What revenge could there be in that? Honda would end his life without having known the feelings of the owner of beautiful flesh. If for a single month he could live in it! He should have had a try. What must it be like, to wear such a beautiful covering? To see people fall down before it. When admiration passed the gentle and docile and became lunatic worship, it would become torment for the possessor. In the delirium and the torment were true holiness. What Honda had missed had been the dark, narrow path through the flesh to holiness. To travel it was of course the privilege of few.

Tomorrow he would have a thorough examination. He did not know what the results would be. He should at least be clean. He had the bath drawn before dinner.

The middle-aged housekeeper, formerly a nurse, whom he had employed without consulting Tōru, was an unfortunate woman, twice widowed, but she was a model of kindness and devotion. Honda had been thinking that he must provide for her in his will. She even saw him to the bathtub lest he fall, and left behind the frays of her concern like cobwebs in the dressing room. Honda did not like being seen naked by a woman. He took off his bathrobe before the steaming mirror. He looked at himself. His ribs were in sharp relief, his stomach sagged, and in its shadow hung a shriveled white bean; and so down to whitish shins from which the flesh seemed to have been stripped away. The knees were like swellings. How many years of self-deception would it take to find rejuvenation in this ugliness? But he was able to console himself with a long smile of commiseration at the thought of how much worse it would be if he had been beautiful in the first place.

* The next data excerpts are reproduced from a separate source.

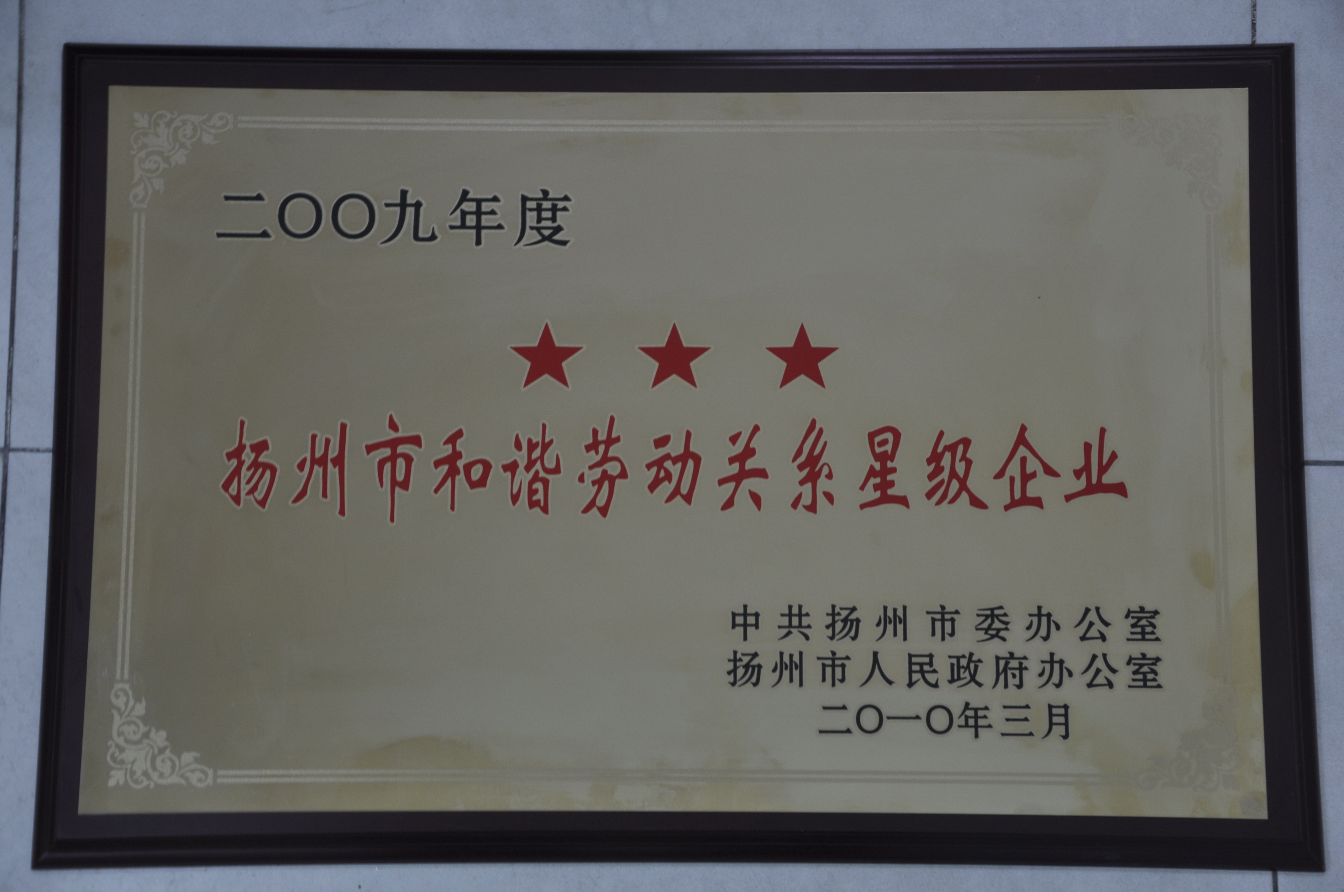 集團公司獲2009年揚州市和諧勞動關(guān)系“三星級企業(yè)”殊榮
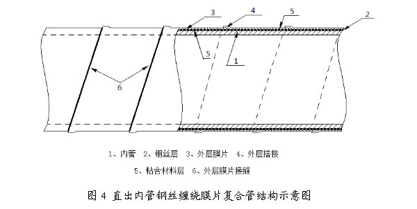 超高分子钢丝网骨架聚乙烯复合管材由直出内管、钢丝和外层完美体育(中国)三种材料复合而成,适用于大、中口径的中、高压管。管材在生产时先在超高管材挤出机上直接挤出改性超高分子量聚乙烯内管,然后再在内管上热熔复合钢丝和超高完美体育(中国)。管材结构如图4所示。
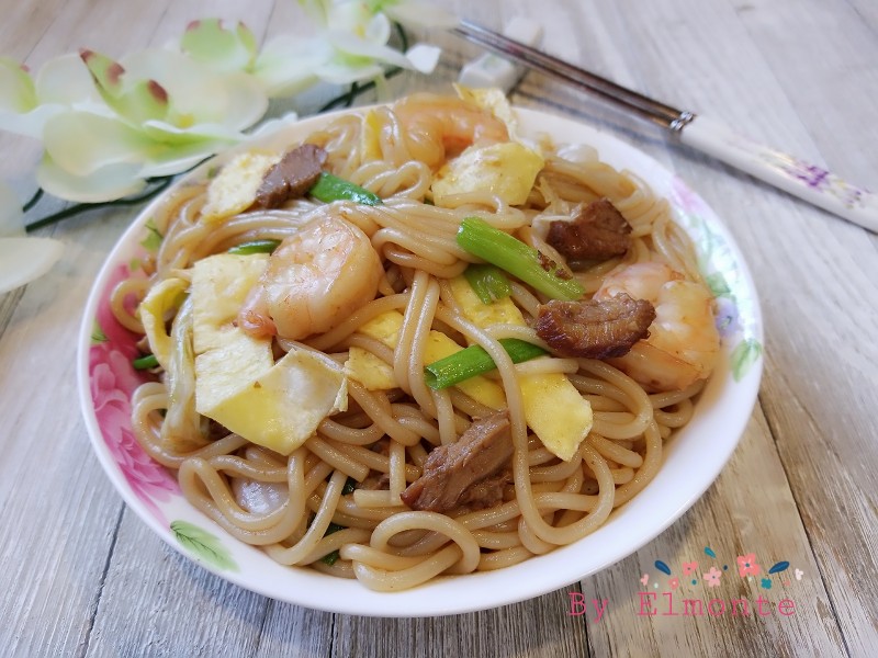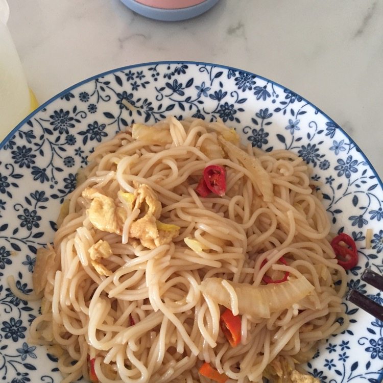 1:锅里烧水,水开后放入干米粉,开锅后小火焖煮至米粉半软烂(炒粉用的,不需要太软烂),煮好后捞出冷水冲洗备用。
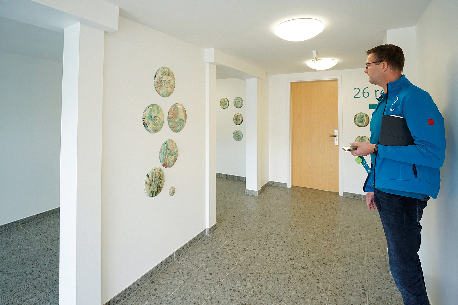 Die Eberswalder Verantwortlichen suchten bei der Sanierung auch nach Lösungen, die zwar keinen direkten Einfluss auf die Verbrauchswerte haben, dafür jedoch den CO2-Ausstoß rund um die Bewirtschaftung erheblich senken. Dazu gehört u. a. die installierte digitale Schließanlage. Sie ermöglicht eine kurzfristige Zutrittsvergabe per Transponder ohne kostenintensiven Mehraufwand. Bislang sind Hauseingangstüren und Gemeinschafsträume damit ausgestattet. Nach erfolgreicher Testphase sollen dann auch andere Türen im Haus folgen. Laut KIWI-Studie lassen sich mittels digitaler Schließsysteme in einem durchschnittlichen Mehrfamilienhaus mit zehn Wohneinheiten jährlich allein 70 kg CO2 einsparen. Die Systeme fördern Prozesse der Bewirtschaftung, lassen Störfälle sofort erkennen und Wartungen automatisch planen. Flächen und Räume werden optimal ausgenutzt. Die Bewirtschaftung wird einfacher und kostengünstiger.
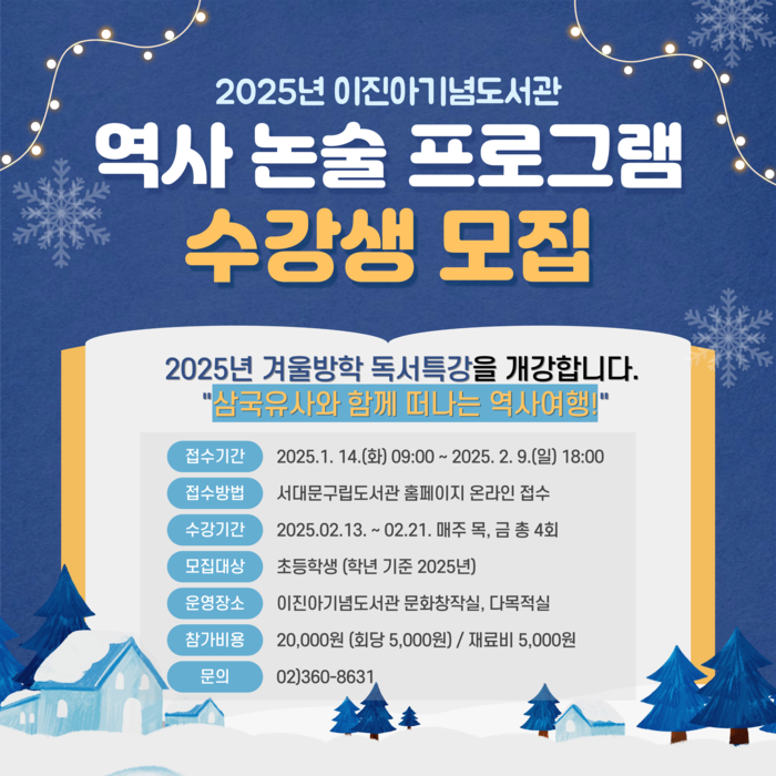 [시민일보 = 이대우 기자] 서대문구도시관리공단(이사장 한운영)이 운영하는 이진아기념도서관에서 오는 2월 13일(목)부터 2월 21일(금)까지 2주(1주 2회, 총 4회차) 동안 어린이(초등학생)을 대상으로 하는 2025년 겨울방학 독서 특강 “삼국유사와 함께 떠나는 역사여행” 참여자를 모집한다.
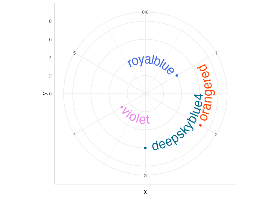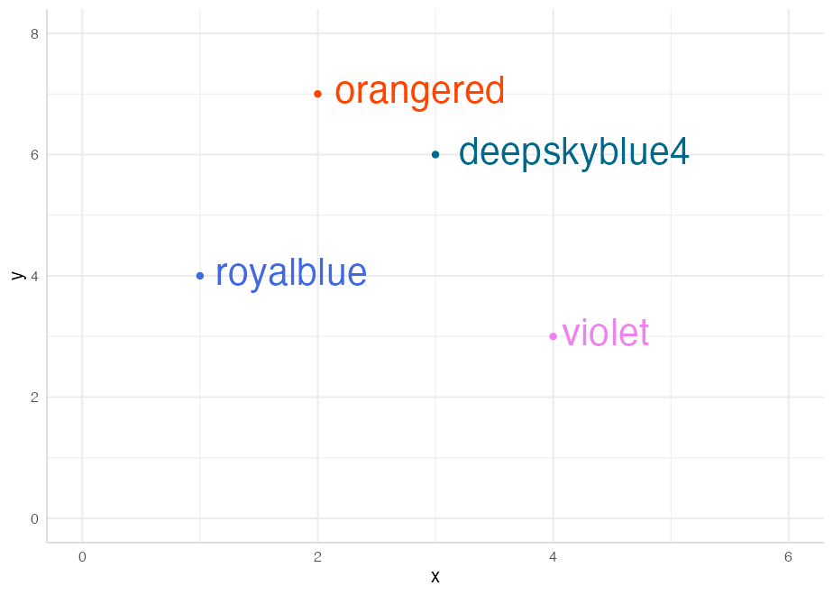 p <- ggplot(df, aes(x, y, color = color, label = color)) +

The examination took a week. He went to the hospital for the results.

“You must come in immediately. The sooner you come in the better.” So it had happened. “We didn’t catch a trace of it all those other times, and it seems unfair to have it jump out all of a sudden without warning. A person can’t be too careful.” The doctor smiled a beatific smile, as if reproving Honda for some dereliction. “But there seems to be no more than a benign growth on the pancreas. All we have to do is cut it away.”